╭─ Task inputs
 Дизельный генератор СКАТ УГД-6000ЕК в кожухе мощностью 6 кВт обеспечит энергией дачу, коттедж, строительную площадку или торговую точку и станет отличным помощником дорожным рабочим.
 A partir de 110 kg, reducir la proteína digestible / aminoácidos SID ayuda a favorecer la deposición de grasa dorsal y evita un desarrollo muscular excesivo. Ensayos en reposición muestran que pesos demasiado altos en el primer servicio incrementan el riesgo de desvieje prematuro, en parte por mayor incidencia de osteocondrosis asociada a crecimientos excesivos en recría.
╰─
╭─ Task inputs
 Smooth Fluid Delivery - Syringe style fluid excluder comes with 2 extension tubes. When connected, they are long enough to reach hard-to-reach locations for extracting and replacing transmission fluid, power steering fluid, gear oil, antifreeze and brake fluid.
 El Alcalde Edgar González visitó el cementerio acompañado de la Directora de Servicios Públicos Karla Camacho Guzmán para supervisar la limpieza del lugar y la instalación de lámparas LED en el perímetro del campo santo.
╰─
--- Task to complete ---
When the line with "Дизельный генератор СКАТ" is reached in the data above, begin copying, and stop after the line with "A partir de"; copy each line exactly, both ends included.

--- Response box ---
 Дизельный генератор СКАТ УГД-6000ЕК в кожухе мощностью 6 кВт обеспечит энергией дачу, коттедж, строительную площадку или торговую точку и станет отличным помощником дорожным рабочим.
 A partir de 110 kg, reducir la proteína digestible / aminoácidos SID ayuda a favorecer la deposición de grasa dorsal y evita un desarrollo muscular excesivo. Ensayos en reposición muestran que pesos demasiado altos en el primer servicio incrementan el riesgo de desvieje prematuro, en parte por mayor incidencia de osteocondrosis asociada a crecimientos excesivos en recría.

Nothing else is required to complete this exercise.